Siekierski i Kołodziejczak. To za mało
Michał Kołodziejczak, biorąc udział w proteście rolników w Nysie, zaznaczył dobitnie, że sam z Czesławem Siekierskim nie jest w stanie wiele zdziałać. Konieczne jest wsparcie samych producentów. Nawoływał tym samym do jedności pomiędzy rolnikami i MRiRW.
– Sam Michał Kołodziejczak, sam Czesław Siekierski nic nie będą mogli zrobić, jeśli nie będą mieli wsparcia polskich rolników. Szczególnie w tym trudnym czasie powinniśmy stać w jednym rzędzie. Siłą resortu rolnictwa będą polscy rolnicy, ja was o tym zapewniam – grzmiał Michał Kołodziejczak na dzisiejszym proteście rolników w Nysie.
Rolnicy nie są już sami?
– Na naszych oczach zachodzi wielka zmiana. Ministerstwo Rolnictwa i Rozwoju Wsi otwiera się na głos rolników. Tylko razem zbudujemy siłę polskiego rolnictwa. Tylko silni rolnicy obronią to co wypracowały pokolenia – przekazuje Michał Kołodziejczak na platformie X.

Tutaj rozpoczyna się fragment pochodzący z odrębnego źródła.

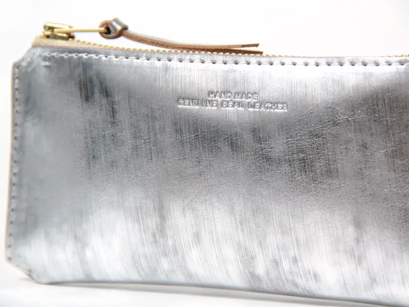 メタリックレザーは、顔料で色付けした後サンドペーパーでやすりをかけた「エコムラレスレザー」を使用。染料ではなく革表面に色を定着させているため、ご使用いただくうちにメタリックな輝きが自然に落ち、内側の本革の色が現れてきます。この変化こそが、使い込むほどに味わい深い自分だけの表情に。持つほどに愛着が深まる経年変化をお楽しみいただけます。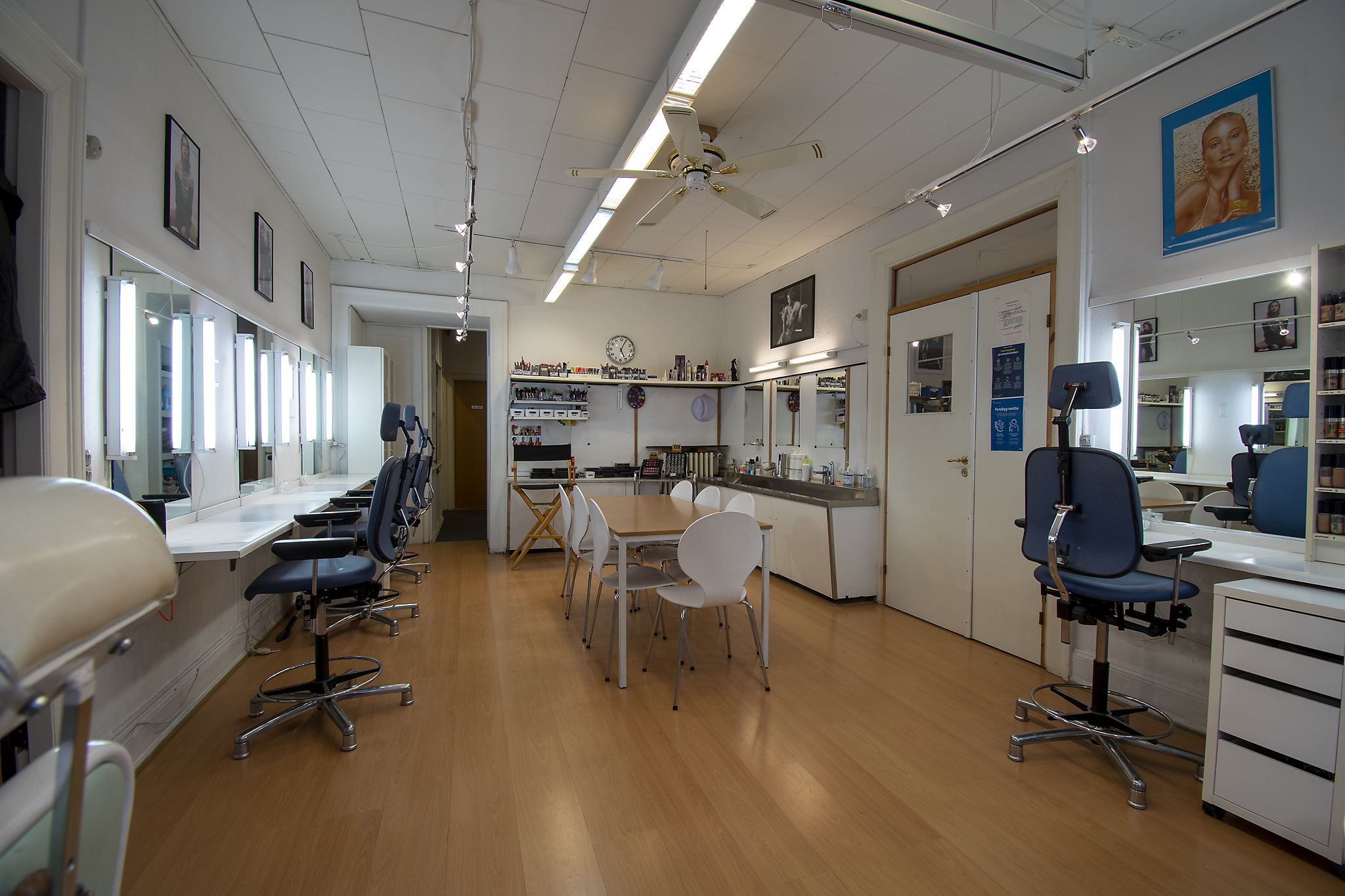 12 sminkepladser bestående af stol med ben- & nakkestøtte. Spejl og belysning samt fralægningsborde.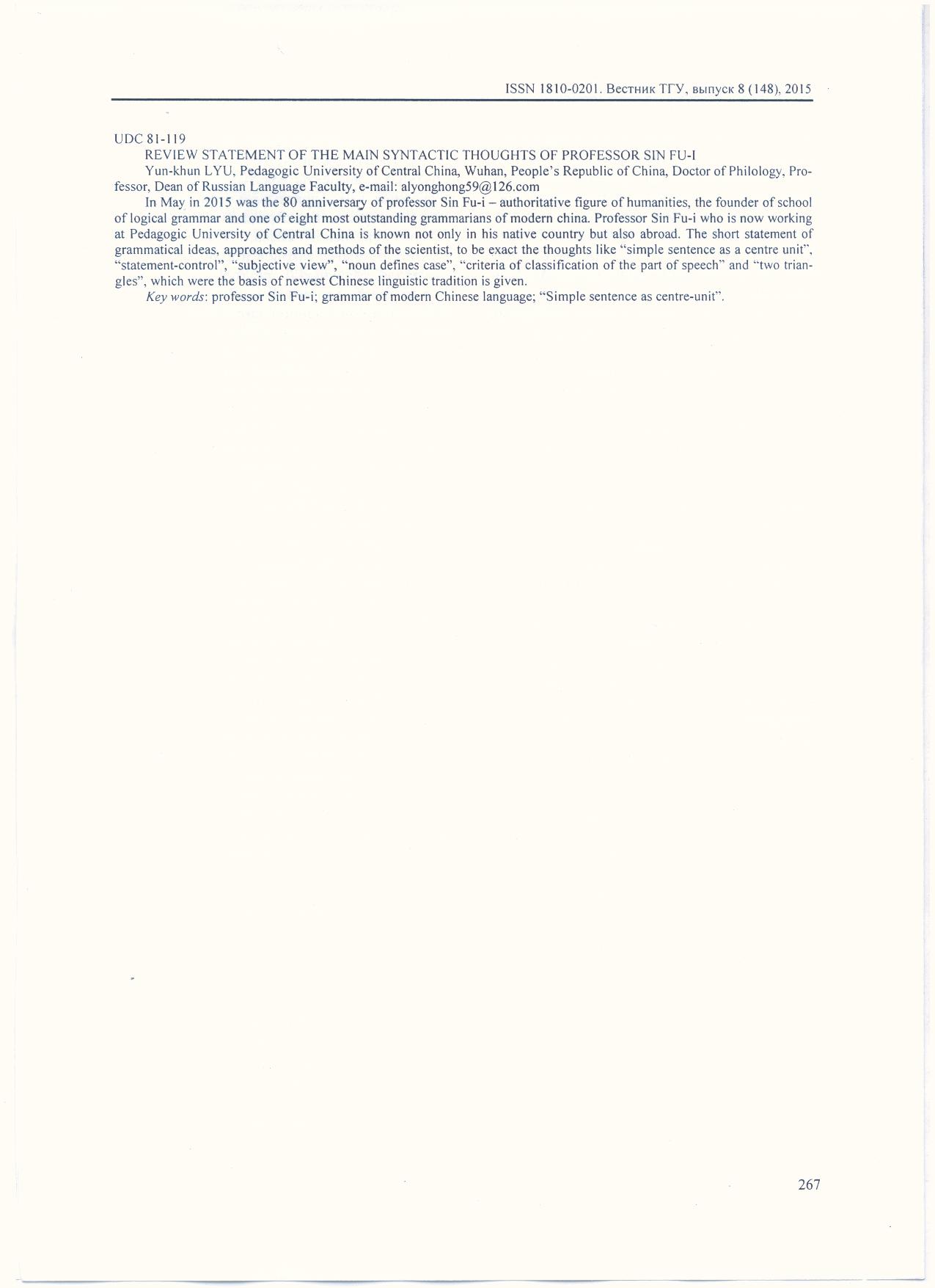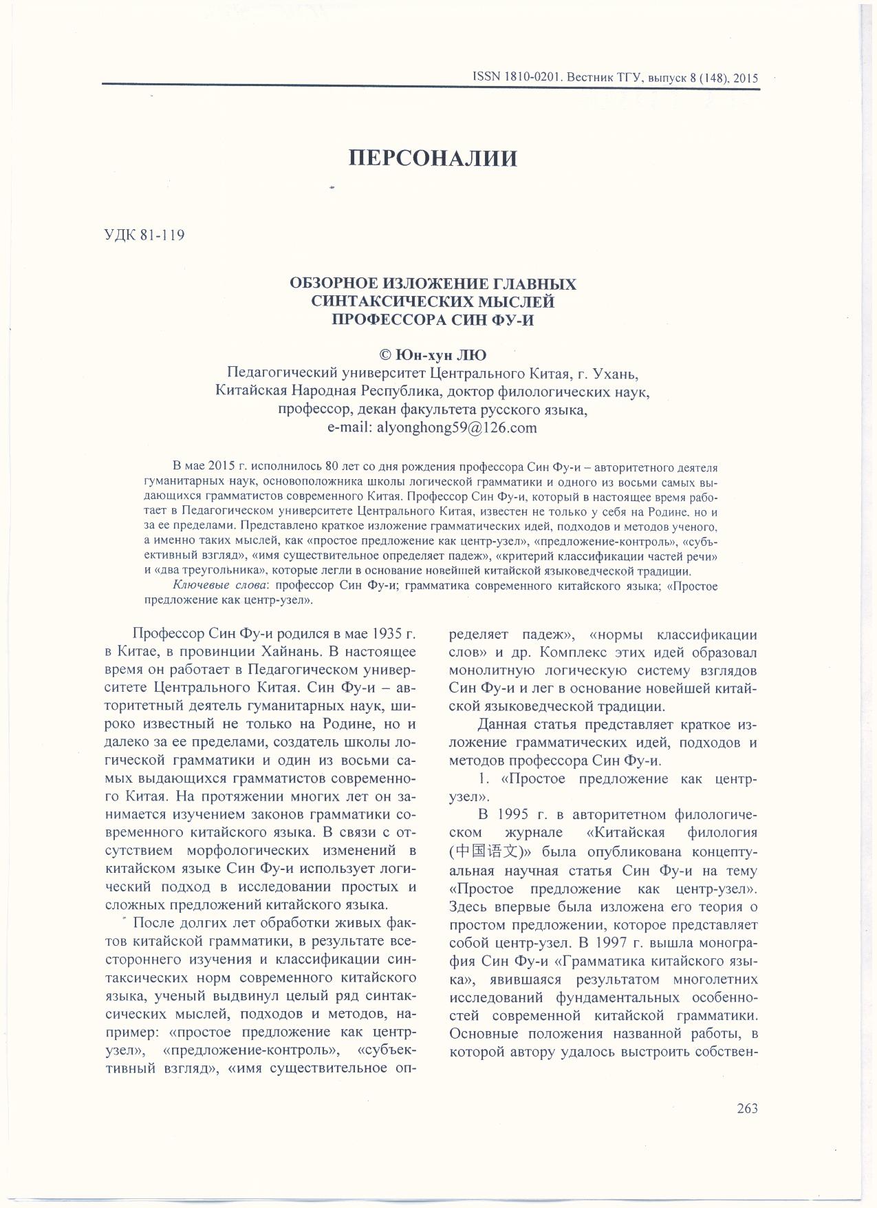 华中师大教授、俄语系主任、本中心兼职博导刘永红教授,在《俄罗斯国立塔波夫大学学报》2015年第8期的“人文科学卷”上,发表长文《邢福义句法思想述要》。《俄罗斯国立塔波夫大学学报》是俄罗斯教育部认定的核心期刊,在学界较有影响。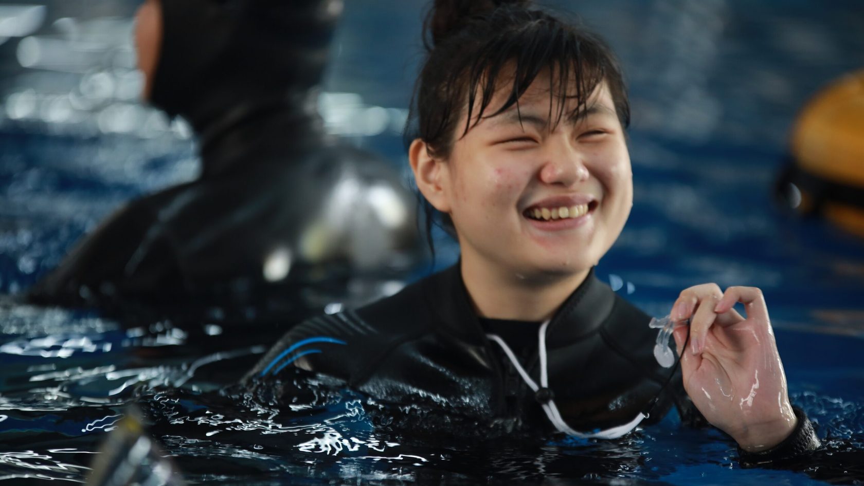 Small Wolf has since passed a diving exam and practises coaching and saving people underwater. Her next goal is to obtain a free-diver certificate to dive in the sea. She wants to show people who think diving in the ocean is meaningless for the visually impaired, because they can’t see, that they are wrong.

Unia Europejska poszła za daleko
Na proteście rolników, zgodnie z zapowiedzią, zjawił się również Czesław Siekierski. Minister odwiedził protestujących w Słupnie, niedaleko Płocka. Zgodził się z tym, że Unia Europejska poszła za daleko w kwestii wymogów związanych z Zielonym Ładem.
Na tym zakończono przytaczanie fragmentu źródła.